Entries shown:
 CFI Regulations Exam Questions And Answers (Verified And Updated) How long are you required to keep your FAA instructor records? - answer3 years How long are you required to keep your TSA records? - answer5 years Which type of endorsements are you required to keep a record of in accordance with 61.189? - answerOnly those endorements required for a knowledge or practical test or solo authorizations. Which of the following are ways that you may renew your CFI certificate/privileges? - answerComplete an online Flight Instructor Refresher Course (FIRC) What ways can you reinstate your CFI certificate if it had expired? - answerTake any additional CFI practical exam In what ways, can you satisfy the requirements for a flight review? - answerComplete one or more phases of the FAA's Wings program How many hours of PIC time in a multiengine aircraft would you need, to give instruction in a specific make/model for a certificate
* * *
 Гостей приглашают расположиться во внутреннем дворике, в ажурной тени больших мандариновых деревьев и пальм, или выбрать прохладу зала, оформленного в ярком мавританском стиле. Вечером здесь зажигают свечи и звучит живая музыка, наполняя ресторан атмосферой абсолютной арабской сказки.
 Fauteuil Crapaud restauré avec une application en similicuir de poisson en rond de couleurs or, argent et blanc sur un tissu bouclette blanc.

Task to complete:
Only the lines above from the one with "Гостей приглашают расположиться" up to and including the one with "Fauteuil Crapaud restauré" should be repeated, exactly as written.

Completed exercise:
 Гостей приглашают расположиться во внутреннем дворике, в ажурной тени больших мандариновых деревьев и пальм, или выбрать прохладу зала, оформленного в ярком мавританском стиле. Вечером здесь зажигают свечи и звучит живая музыка, наполняя ресторан атмосферой абсолютной арабской сказки.
 Fauteuil Crapaud restauré avec une application en similicuir de poisson en rond de couleurs or, argent et blanc sur un tissu bouclette blanc.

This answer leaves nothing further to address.